When considering political figures, it is almost a “new orthodoxy” to think and say the opposite, and even see a plot. Something President Macron said a couple of days ago struck me in contrast to his usual fashion of expressing things in the national or common interest. In particular, a read the news article in Le Point of 22nd December 2020. His keynote was “We have become a victim and emotional society”.
I was taken back to many of my reflections on Romanticism in the decades following the French Revolution and the Terror. The basis of that new way of thinking was the Age of Reason with the imagination restored to man’s wholeness. It is a major tenet of St Thomas Aquinas that reason has to take primacy over the passions. The Romantic is not an anti-rationalist but wants the wholeness of human experience. I doubt that Macron would directly subscribe to such ideas. He is pragmatic – and he is a banker. He does his job in such a way as it works. However, these reflections show something that stands out in the political world from pure considerations of money and particular interest.
Society is deeply disturbed by the crisis caused by the pandemic, identity politics and polarisation. Above all, conspiracy theory is gaining ground, often with the most grotesque and irrational ideas. The French are a “people of paradoxes”. I sympathised with the early yellow jacket (Gilets Jaunes) movement, because Macron’s politics seemed to be serving only the wealthy, using ecological concerns to tax ordinary people that much more. Then the movement became violent and bestial. Its agenda was no longer ordinary hard-working people with ever-shrinking budgets but violent anarchists and nihilists like in late nineteenth-century Russia.

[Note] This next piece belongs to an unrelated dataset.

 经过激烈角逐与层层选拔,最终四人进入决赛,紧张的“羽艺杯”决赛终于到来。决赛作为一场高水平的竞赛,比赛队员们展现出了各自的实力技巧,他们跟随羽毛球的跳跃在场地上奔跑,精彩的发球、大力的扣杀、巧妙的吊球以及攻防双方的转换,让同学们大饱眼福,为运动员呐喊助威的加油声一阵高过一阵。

This article suggests that Macron has acquired experience from these crises in a country that resisted Nazism during the Occupation and has ever since been suspicious of any kind of authority, legitimate or not. There is the old canard about everything being allowed in England unless it was forbidden, everything being forbidden in Germany unless it was allowed – and everything being forbidden in France, but you would do it all the same. It is an undisciplined country, but one that will not incline to excessive or irrational authority.

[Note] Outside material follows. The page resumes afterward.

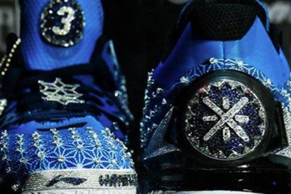 据说这款鞋是在迈阿密球星维恩·韦德的战靴上得来的灵感,以李宁之前推出的“韦德之道”系列为基础,在图案的部分分别采用了优质的蓝宝石和白钻进行镶嵌,同时这双鞋的诞生也是为了庆祝中国新年的到来,所以最终将其命名为“韦德之道4猴年”,并且在纽约的慈善拍卖会上进行了展出和拍卖,最终的收入将全部捐给一家慈善机构救助贫困人群。
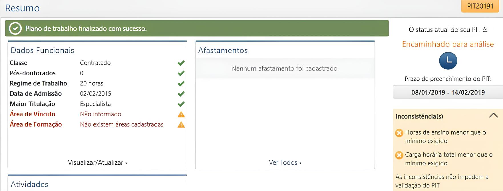 Informações a cerca do PIT (Plano Individual de Trabalho) estão sendo sinalizadas para visualização do usuário. Como a situação atual, o prazo de preenchimento e as inconsistências caso haja. Neste caso da figura abaixo, as inconsistências impedem a finalização do PIT, por isso as informações com destaque em vermelho precisam ser corrigidas.

Taken to excess, this a priori refusal of authority becomes a “permanent poison”, a vicious circle, a crisis of identity and conspiracy theory – the very driving force behind Nazism and Stalinism.
Macron notes a “Manichaean” view of history, a “society of permanent emotion”. The victim is vindicated above all things and crushes reason. Such a mentality cannot accept complexity and will not listen to the other person’s word. According to some psychologists I am reading, the world has become narcissistic in the meaning of the disordered personality. Wearing a mask has become a sign of respect for others, but many people have just not got it. Life is about their convenience.
He is a convinced republican, in the French, not American, meaning of the word. France was once a kingdom, and the Aristocracy and the Church themselves attracted the anger of the Jacobins and people reduced to extreme poverty. Then came five republics. No political system is perfect, but it seems to be suited for modern times in the task of upholding freedom and democracy. De Gaulle’s answer to the defeat of Nazism seemed to inspire people in those days. Some dream of bringing back the King, someone with a more or less legitimate bloodline – but it won’t happen, even in spite of the writings of the Marquis de la Franquerie.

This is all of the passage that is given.